- DVD cover of Anthony Yaar? and Uyire..
- Directed by: C. T. Pandi
- Produced by: C. Vijayakumar
- Starring: Shaam Mallika Kapoor
- Cinematography: Santonio
- Edited by: Suresh Urs
- Music by: Dhina
- Production company: Annam Films International
- Release date: 31 July 2009;
- Running time: 125 minutes
- Country: India
- Language: Tamil

= Anthony Yaar? =

Anthony Yaar? (spelt Anthoni – Yaar? onscreen) is a 2009 Tamil language film directed by C. T. Pandi. The film stars Shaam and Mallika Kapoor, while Lal, Vivek, and Rajesh play supporting roles. The music was composed by Dhina, and the film was released on 31 July 2009.

== Plot ==
Anthony (Shaam) is an orphan who grows up in a church situated in a coastal village near Tuticorin. The local priest (Rajesh) is his benefactor. Anthony is loving and caring towards the local fishermen and their families who are being exploited by the rowdy Michael.

== Production ==
During the development stages of the film, when the cast was being decided, Shaam went to visit actor Vadivelu to enquire about his availability and to sign him on to play a role in the film. Vadivelu refused to be a part of the film and subsequently verbally insulted Shaam, prompting the actor to lodge a complaint with the Nadigar Sangam about Vadivelu's conduct. The film was shot in Tuticorin. Shaam plays a fisherman in the film.

== Music ==
Soundtrack was composed by Dhina, with lyrics written by Palani Bharathi, Yugabharathi, Snehan and Kirithiya.

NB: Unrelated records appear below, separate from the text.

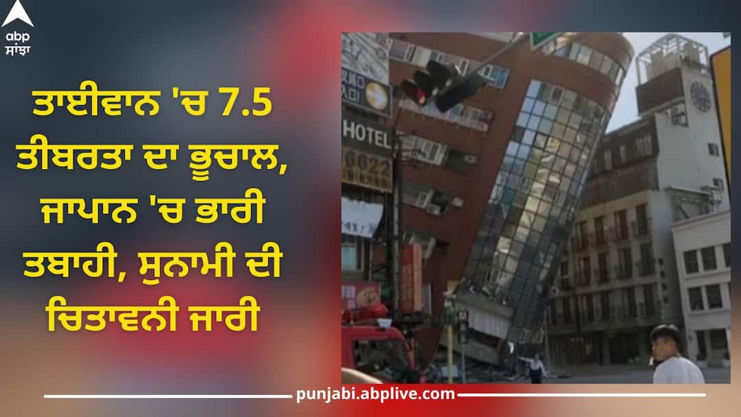 7.5 magnitude earthquake in Taiwan: ਤਾਇਵਾਨ ਵਿੱਚ ਅੱਜ ਯਾਨੀਕਿ 3 ਅਪ੍ਰੈਲ ਦੀ ਸਵੇਰ ਇੱਕ ਸ਼ਕਤੀਸ਼ਾਲੀ ਭੂਚਾਲ ਆਇਆ, ਜਿਸ ਕਾਰਨ ਪੂਰਾ ਟਾਪੂ ਹਿੱਲ ਗਿਆ ਅਤੇ ਇਮਾਰਤਾਂ ਢਹਿ ਗਈਆਂ। ਜਾਪਾਨ ਨੇ ਦੱਖਣੀ ਟਾਪੂ ਸਮੂਹ ਓਕੀਨਾਵਾ ਲਈ ਸੁਨਾਮੀ ਦੀ ਚਿਤਾਵਨੀ ਜਾਰੀ ਕੀਤੀ ਹੈ। ਇੱਥੇ ਉਡਾਣਾਂ ਰੱਦ ਕਰ ਦਿੱਤੀਆਂ ਗਈਆਂ ਹਨ। ਫਿਲੀਪੀਨਜ਼ ਨੇ ਵੀ ਸੁਨਾਮੀ ਦੀ ਚਿਤਾਵਨੀ ਦਿੱਤੀ ਹੈ ਅਤੇ ਤੱਟਵਰਤੀ ਇਲਾਕਿਆਂ ਨੂੰ ਖਾਲੀ ਕਰਨ ਦੇ ਹੁਕਮ ਦਿੱਤੇ ਹਨ। ਜਾਪਾਨ ਮੌਸਮ ਵਿਗਿਆਨ ਏਜੰਸੀ ਨੇ ਭੂਚਾਲ ਤੋਂ ਬਾਅਦ 3 ਮੀਟਰ (9.8 ਫੁੱਟ) ਤੱਕ ਸੁਨਾਮੀ ਦੀ ਭਵਿੱਖਬਾਣੀ ਕੀਤੀ ਹੈ। ਲਗਭਗ ਅੱਧੇ ਘੰਟੇ ਬਾਅਦ, ਇਸ ਨੇ ਕਿਹਾ ਕਿ ਸੁਨਾਮੀ ਦੀ ਪਹਿਲੀ ਲਹਿਰ ਪਹਿਲਾਂ ਹੀ ਮੀਆਕੋ ਅਤੇ ਯਾਯਾਮਾ ਟਾਪੂਆਂ ਦੇ ਤੱਟਾਂ 'ਤੇ ਆ ਚੁੱਕੀ ਹੈ।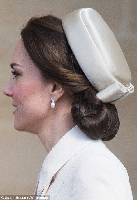 Romantic braided updos or low hair updos are Kate’s go to hairstyle when it comes to looking extra glamorous. She likes to keep her hair off her face in tidy buns or medium tight braids. As you may have guessed, our favorite looks is the one with pearl details. You can also try this look by keeping your swirly hairstyle in place with elegant pearl-accented bobby pins. Complete the look with a delicate bracelet for additional sophistication. You’ll look very chic!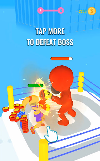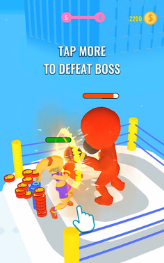 Play as a young boxer and send your opponent in the ring to the strongest knockout. How to do it? The gameplay is very simple. Run to the ring, collect protection and boxing gloves along the way, dodge punching bags and mannequins, break walls. Get ready for an incredible fight with a strong opponent in the ring! Apply all your skills to win.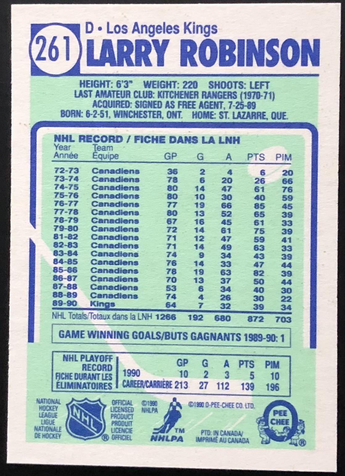Card #261 NHL, hockey, OPC, hall of fame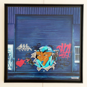 En 2012 j’emménage à Rouen, à cette époque j’expérimente toujours dans mes toiles tout en laissant ma signature un peu partout, le graffiti influence ma peinture et vice versa. Avec le temps j’ai développé plusieurs styles, en passant du graff classique, à la figuration libre ou encore à une peinture plus académique aux influences urbaines.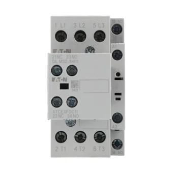 Contacteur de puissance, Application : Contacteurs pour moteurs, Appareils complets jusqu’à 170 A, Catégorie d’utilisation : AC-1 : Charges non inductives ou faiblement inductives, fours à résistance, NAC-3 : Moteurs à cage : démarrage, arrêt en cours de fonctionnement, AC-4 : Moteurs à cage : démarrage, freinage par contre-courant, inversion brutale, marche par à-coups, technique de raccordement : Bornes à vis, Remarques : Convient également aux moteurs appartenant à la classe de rendement IE3., Les appareils compatibles avec la classification IE3 sont reconnaissables au logo apposé sur leur emballage., Courant assigné d’emploi AC-3 380 V 400 V: Ie= 32 A, Courant assigné d’emploi CA-1 Courant thermique conventionnel à l’air libre, tripolaire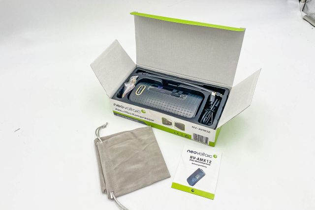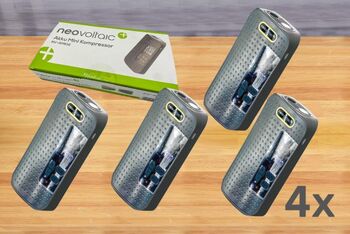 4 Stück Akku Mini Kompressor neovoltaic NV-AMK12, 4 Stück, 5 V, 2.000 mAh, 12 l/min, max. 7 bar, Autostop, intelligente Druckbeleuchtung, Zubehör: 4 Luftdüsen, 1 Luftschlauch, USB Kabel, Transporttasche
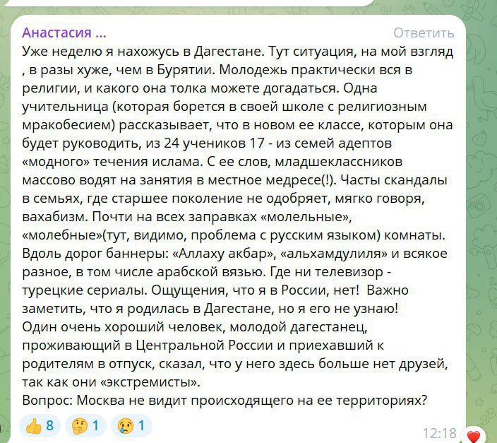 В сети все чаще пишут, что Дагестан радикализируется в религозном отношении. Уважаемые читатели, есть среди вас жители солнечного Дагестана, как у вас там обстановка складывается?

| No. | Song | Singers | Lyrics |
| 1 | "Kai Thattamal" | Mahathi | Palani Bharathi |
| 2 | "Kanaa Ondru Kandaen" | Bombay Jayashree, Shankar Mahadevan | Snehan |
| 3 | "Kattu Marathila" | Tippu | Yugabharathi |
| 4 | "Malakotta Kannu" | Silambarasan, Anuradha Sriram |
| 5 | "Mani Osai Ketkalayo" | Chinmayi, Dhina | Kirithiya |
| 6 | "Yamma Yamma" | Sabesh | Yugabharathi |

== Critical reception ==
A critic from The New Indian Express wrote that "A cliched sequence of events and amateur handling of the screenplay take away all the sheen in Anthony Yaar". A critic from Rediff opined that the film is "a throwback to the worst commercial potboilers of the 80s when the hero cult was in full swing, and very little made sense on celluloid". A critic from Dinamalar praised the bold attempt of the director, the music, and the cinematography. A critic from Sify wrote, "Shaam shows off his six-pack body, Mallika has hardly anything to do while Lal hams. The music is bad. Vivek's comedy track as Kingfisher is the only entertainment in the film, though he too is fast becoming repetitive. There is nothing here to recommend, and is total waste of time".